## ASSIGNMENT
Pictures aside, write every record out again word for word.

## DATA PROVIDED
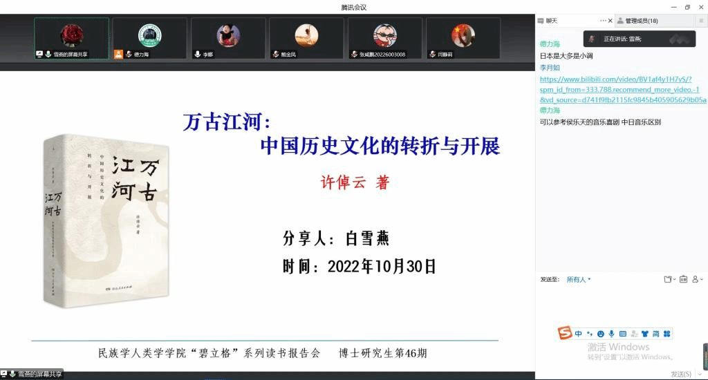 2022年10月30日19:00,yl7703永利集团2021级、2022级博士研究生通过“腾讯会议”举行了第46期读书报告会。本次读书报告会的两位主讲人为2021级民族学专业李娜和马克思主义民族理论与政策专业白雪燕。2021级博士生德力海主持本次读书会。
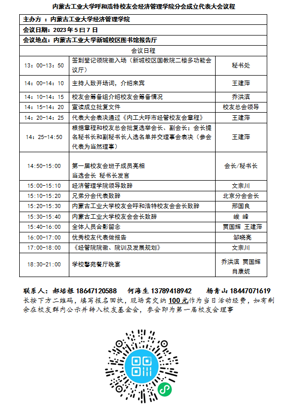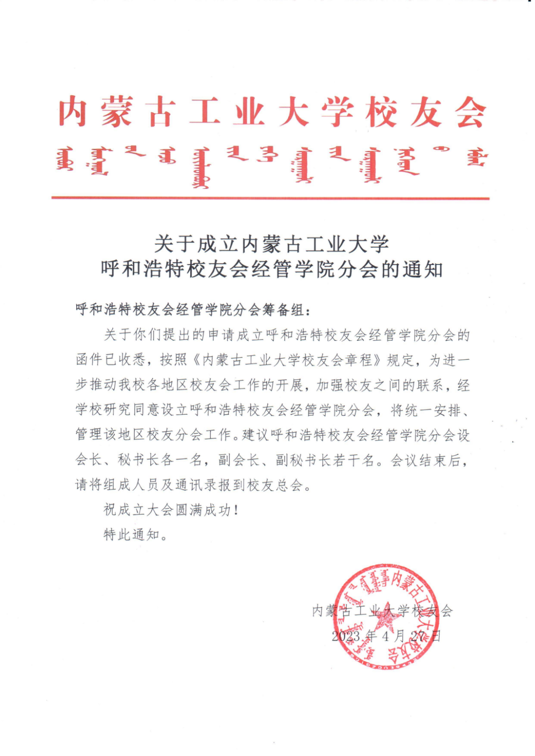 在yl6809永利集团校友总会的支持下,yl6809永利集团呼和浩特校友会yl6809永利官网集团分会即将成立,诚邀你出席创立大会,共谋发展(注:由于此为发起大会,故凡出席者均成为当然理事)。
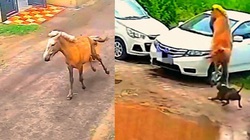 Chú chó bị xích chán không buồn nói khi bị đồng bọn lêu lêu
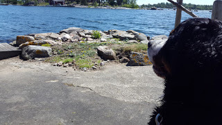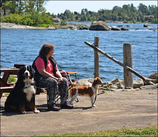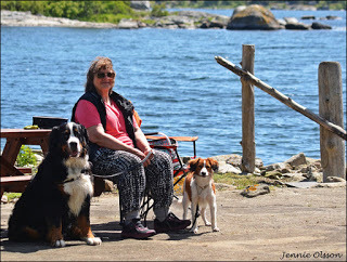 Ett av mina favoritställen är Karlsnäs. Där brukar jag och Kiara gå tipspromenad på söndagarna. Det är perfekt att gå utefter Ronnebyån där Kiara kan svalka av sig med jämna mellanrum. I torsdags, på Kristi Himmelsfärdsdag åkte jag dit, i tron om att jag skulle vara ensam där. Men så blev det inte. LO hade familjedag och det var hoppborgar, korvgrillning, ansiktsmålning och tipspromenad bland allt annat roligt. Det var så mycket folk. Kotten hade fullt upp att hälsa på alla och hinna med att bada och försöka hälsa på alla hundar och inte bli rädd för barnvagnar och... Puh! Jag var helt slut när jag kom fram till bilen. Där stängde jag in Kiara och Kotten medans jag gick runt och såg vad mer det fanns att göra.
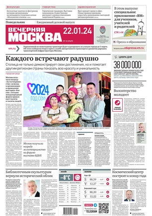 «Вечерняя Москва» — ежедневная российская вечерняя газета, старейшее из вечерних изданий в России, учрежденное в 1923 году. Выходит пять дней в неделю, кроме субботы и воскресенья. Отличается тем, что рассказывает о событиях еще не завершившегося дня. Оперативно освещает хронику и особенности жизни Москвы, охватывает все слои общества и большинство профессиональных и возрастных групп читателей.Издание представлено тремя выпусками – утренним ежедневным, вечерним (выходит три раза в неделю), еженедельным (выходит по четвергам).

## EXERCISE ANSWER
 2022年10月30日19:00,yl7703永利集团2021级、2022级博士研究生通过“腾讯会议”举行了第46期读书报告会。本次读书报告会的两位主讲人为2021级民族学专业李娜和马克思主义民族理论与政策专业白雪燕。2021级博士生德力海主持本次读书会。
 在yl6809永利集团校友总会的支持下,yl6809永利集团呼和浩特校友会yl6809永利官网集团分会即将成立,诚邀你出席创立大会,共谋发展(注:由于此为发起大会,故凡出席者均成为当然理事)。
 Chú chó bị xích chán không buồn nói khi bị đồng bọn lêu lêu
 Ett av mina favoritställen är Karlsnäs. Där brukar jag och Kiara gå tipspromenad på söndagarna. Det är perfekt att gå utefter Ronnebyån där Kiara kan svalka av sig med jämna mellanrum. I torsdags, på Kristi Himmelsfärdsdag åkte jag dit, i tron om att jag skulle vara ensam där. Men så blev det inte. LO hade familjedag och det var hoppborgar, korvgrillning, ansiktsmålning och tipspromenad bland allt annat roligt. Det var så mycket folk. Kotten hade fullt upp att hälsa på alla och hinna med att bada och försöka hälsa på alla hundar och inte bli rädd för barnvagnar och... Puh! Jag var helt slut när jag kom fram till bilen. Där stängde jag in Kiara och Kotten medans jag gick runt och såg vad mer det fanns att göra.
 «Вечерняя Москва» — ежедневная российская вечерняя газета, старейшее из вечерних изданий в России, учрежденное в 1923 году. Выходит пять дней в неделю, кроме субботы и воскресенья. Отличается тем, что рассказывает о событиях еще не завершившегося дня. Оперативно освещает хронику и особенности жизни Москвы, охватывает все слои общества и большинство профессиональных и возрастных групп читателей.Издание представлено тремя выпусками – утренним ежедневным, вечерним (выходит три раза в неделю), еженедельным (выходит по четвергам).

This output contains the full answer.